Peas are one of the oldest vegetables in our history--archaeologists found peas in Egyptian tombs. Sugar snap peas are usually eaten fresh; unlike their hard skinned counterparts, their pods can be eaten as well. Sugar snap peas need to be spaced evenly in the vegetable garden and require some form of support to enable them to grow tall. However, only the taller varieties need staking.
Things You'll Need
- 6-foot garden stakes
- Garden twine
Measure your garden area. You will need one stake per two feet of garden space used for sugar snap peas.
Insert each stake a foot into the ground. The stake should be firm and not wobble when light pressure is applied.
Tie one end of a piece of garden twine to the first stake, six feet up from the soil. Pull the garden twine taut (but not so tight as to bend the stake) and wind tightly three times around the second stake. The twine should be evenly spaced from the ground and horizontal from one stake to the next.
Cut the twine when you reach the last stake, leaving six inches of excess twine.
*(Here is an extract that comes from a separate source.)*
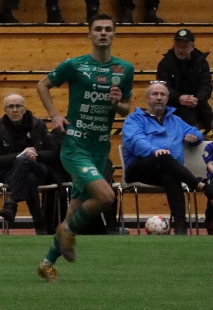 Jack Nilsson gjorde en bra match mot OLS,Uleåborg och ligger bra till för högerbacksplatsen i den kommande premiären mot Gottne på skärtorsdagen, Bodens Energi Arena. Foto: Stefan Gustafsson( arkivfoto)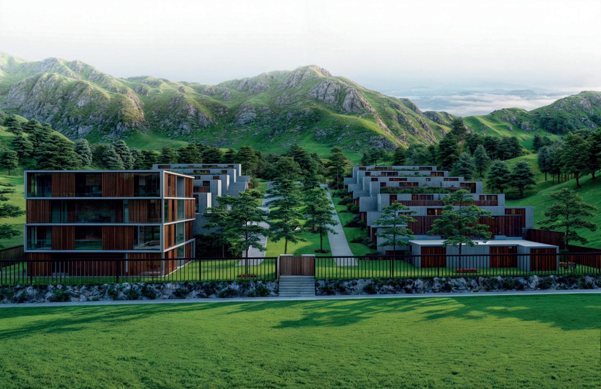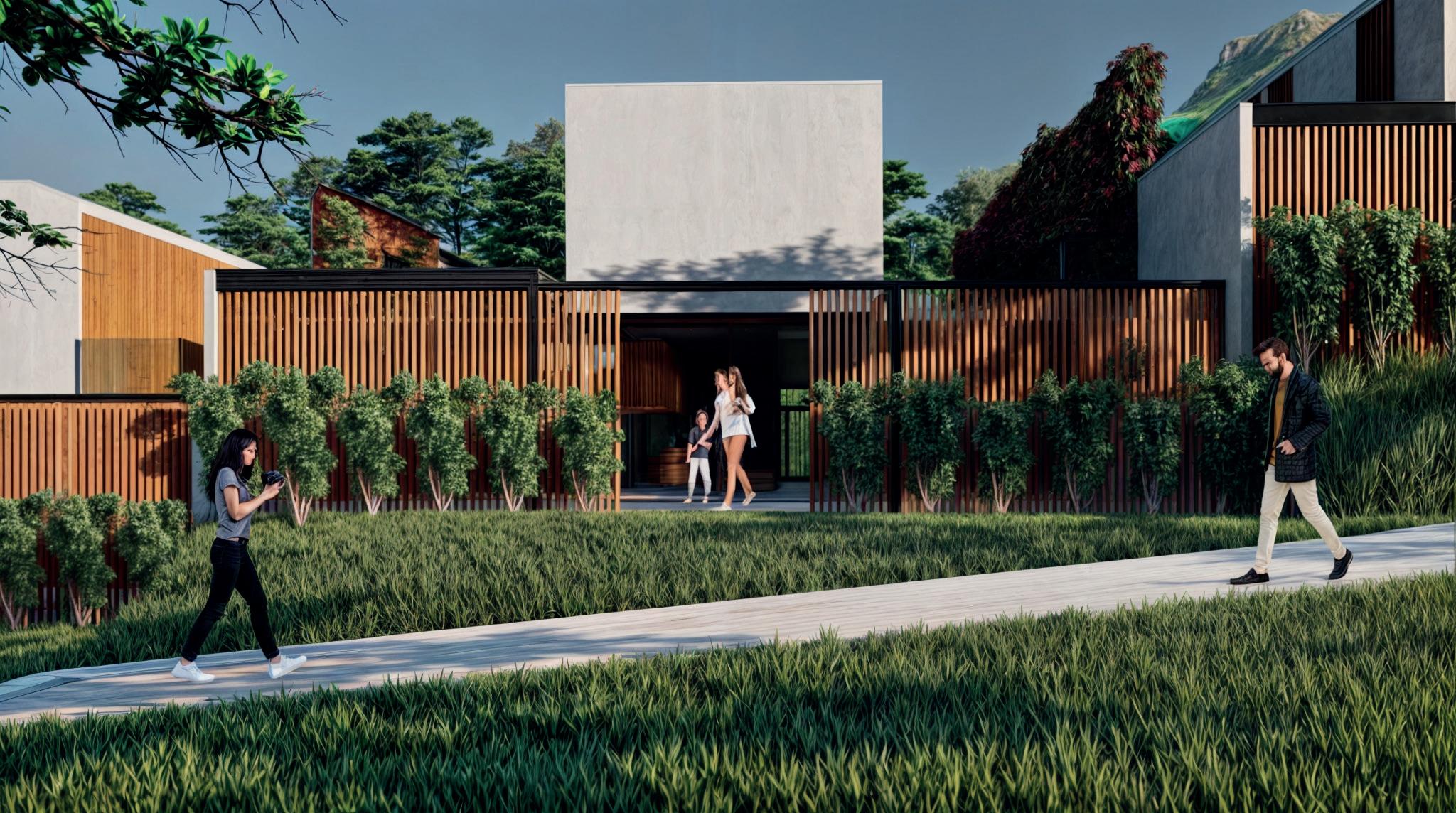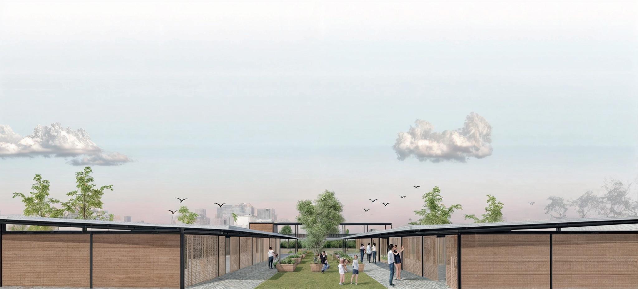 Los materiales que priman en el conjunto son la madera y acero, que en conjunto con la gran vegetación logran crear ambientes adecuados y armoniosos, que no van en contra del contexto del proyecto, pero que imponen una nueva forma de vida que implementa y da mayor importancia a la vida en espacios abiertos, esto también con los patios interiores generados.

Wrap the twine around the last stake three times and tie in a knot.
Add another layer of twine to the stakes as your sugar snap peas grow. The peas will automatically hook onto the twine and grow upwards.
Tips & Warnings
- The stakes should be inserted into the ground when your plants are less than a foot tall.
- You may need to "tease" your plants initially. They should be gently encouraged to grow upwards instead of along the ground.